Der dritte Teil des Buches handelt von Zeitreisen. Das Zeitreisen in die Zukunft möglich sind, wissen wir ja seit der speziellen Relativitätstheorie. Dank der Zeitdilatation müssen wir uns “nur” in Bezug auf die Erde sehr schnell bewegen um beliebig weit in die Zukunft reisen zu können. Aber wie sieht es mit Zeitreisen in die Vergangenheit aus? Ich habe schon bei meiner Rezension von “Der Stoff aus dem der Kosmos ist” über dieses Thema geschrieben – Vaas erläutert all das noch viel detaillierter. Von der Frage der natürlichen Zeitmaschinen – ist vielleicht unser Universum selbst eine Zeitmaschine wie Kurt Gödel es berechnet hat? – bis hin zu möglichen Techniken, aus Wurmlöchern eine Zeitmaschine zu bauen wird jede Möglichkeit ausführlich erklärt. Besonders schön finde ich, das Vaas hier nicht nur alle wissenschaftlichen Arbeiten anführt und darstellt, die sich mit dem Thema beschäftigt sondern auch immer wieder auf Science-Fiction-Werke verweist, die die angesprochenen Effekte und Theorien verwendet oder oft sogar vorweg genommen haben. Und wenn Rüdiger Vaas all diese Bücher über Zeitreisen wirklich selbst besitzt, dann bin ich auf diese Sammlung äußerst neidisch! 😉
Natürlich wird auch ausführlich über die diversen Paradoxien spekuliert, die bei den Zeitreisen auftreten – und wie man sie lösen kann. Oder wird eine zukünftige Theorie der Quantengravitation vielleicht doch zeigen, dass “geschlossene zeitartige Kurven” in der Raumzeit nicht erlaubt sind? Dann müssten wir uns von der Idee der Zeitreise in die Vergangenheit verabschieden – und viele Physiker wären damit wohl nicht wirklich unglücklich. Schade wäre es aber um ein orginelles kosmologisches Modell das John Richard Gott und Li-Xin Li 1997 entwickelt haben. In ihrer Arbeit Can the universe create itself? zeigen sie, wie aus einer geschlossenen zeitartigen Kurve plötzlich ein Universum entstehen kann. In diesem Modell hat das Universum zwar einen Anfang – aber keinen ersten Moment. Das Universum hat sich quasi selbst geschaffen. Das klingt wild und verwirrend (aber das ist in der modernen Kosmologie erstmal immer so 😉 ) – aber könnte vielleicht wirklich stimmen. Übrigens – solche Thesen aufzustellen ist nicht wirklich Spielerei. Bei all den Spekulationen über Wurmlöcher, Zeitreisen und Warp-Antrieben ist heftige und komplizierte Mathematik involviert; das ist nichts, was man sich so eben mal ausdenkt. Hier ist zum Beispiel ein Auschnitt aus der Arbeit von Gott und Li:
Aber wie auch bei allen anderen Themen gilt: solange wir keine vernünftige Theorie der Quantengravitation haben, ist es fast unmöglich herauszufinden, was davon nun in der Realität tatsächlich passieren kann und was nicht. Es bleibt also spannend.
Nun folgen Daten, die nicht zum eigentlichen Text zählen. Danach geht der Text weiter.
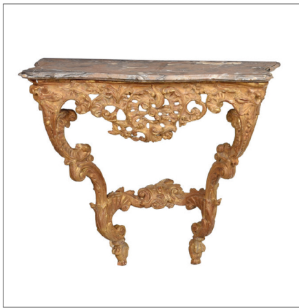
Pair Louis XV Carved Marble Top Console Tables one of a pair, French, 18th century
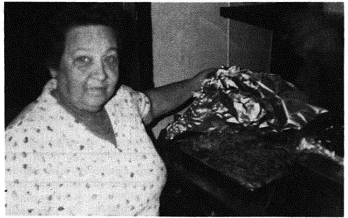
Ma reveals some of her fine cuisine.
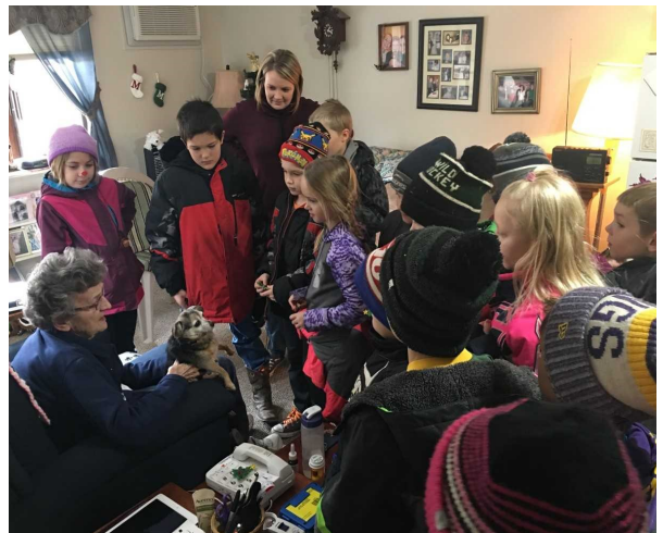
Gr 2 visits Zumbrota Health Services
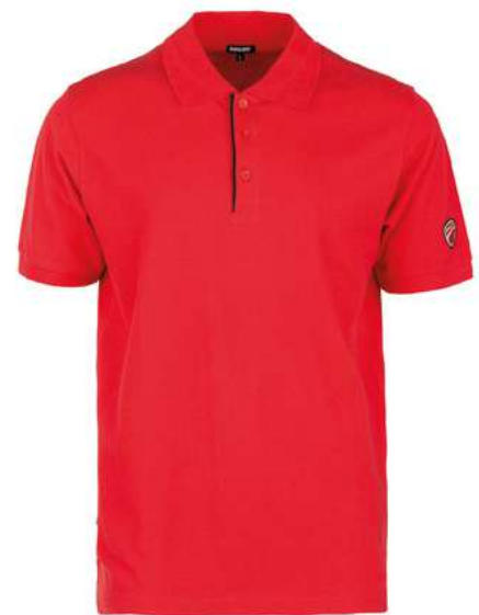
3080 Red / Black
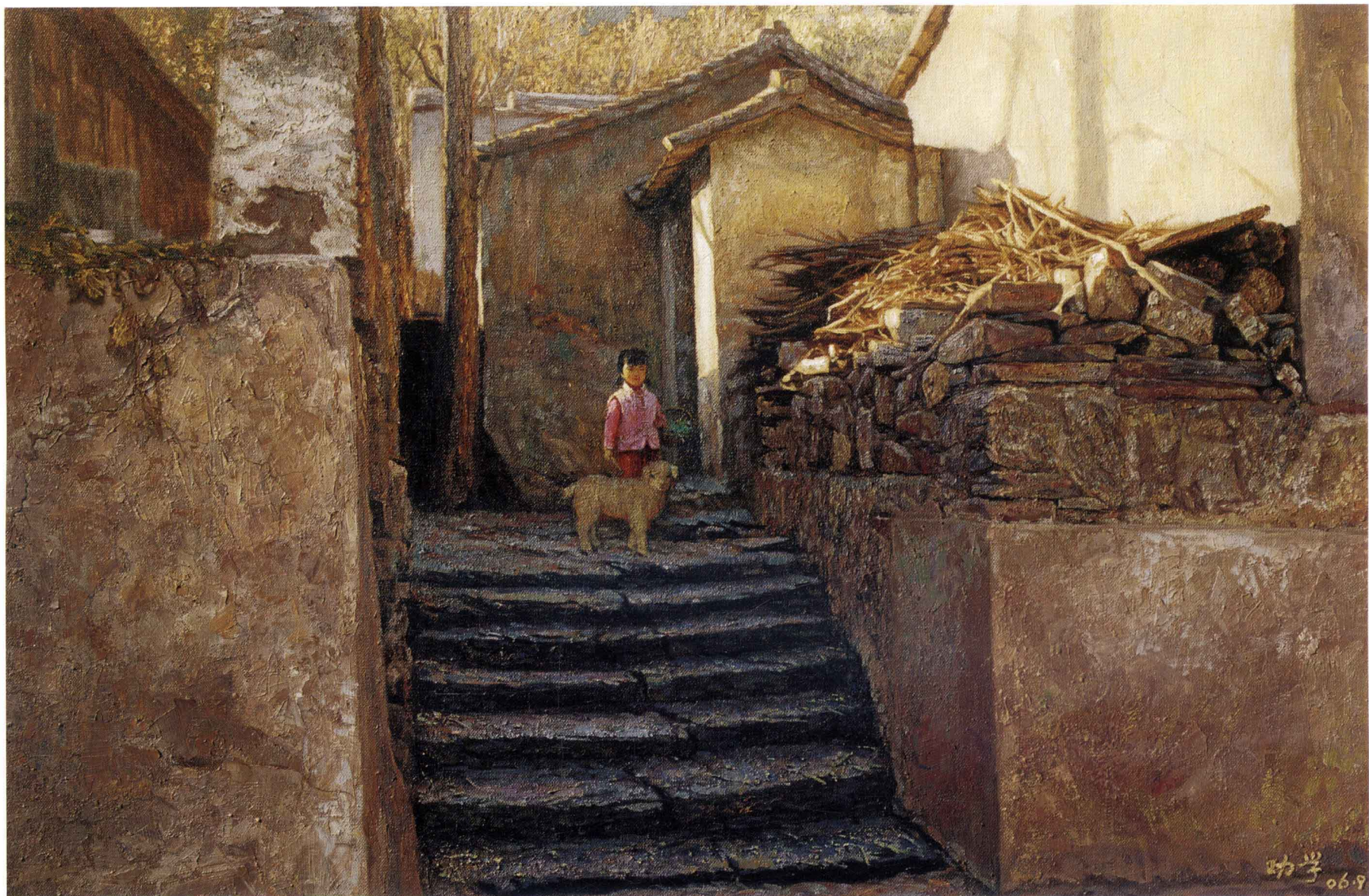
京郊晨光 Sunlight Scene in the Suburb of Beijing

Ich kann “Tunnel durch Raum und Zeit” prinzipiell empfehlen. Wer sich für die exotischeren Themen der modernen Physik interessiert, der findet hier einen umfassenden und aktuellen (die 3. Auflage des Buches erschien 2010 und wurde stark erweitert und aktualisiert) Überblick über alle relevanten wissenchaftlichen Arbeiten. Das Buch ist aber vielleicht nicht wirklich etwas für “Anfänger”. Wer noch nie vorher ein Buch über schwarze Löcher, Kosmologie, usw gelesen hat, der wird manche Stelle wohl etwas verwirrend finden. Und auch die erfahrenen Leser werden das Buch in seiner Dichte und mit der Fülle von Informationen vielleicht ab und zu ein wenig schwierig finden. Trotzdem ist eine enorm spannende und vor allem anregende Lektüre. Ich hatte sehr viel Spaß beim Lesen!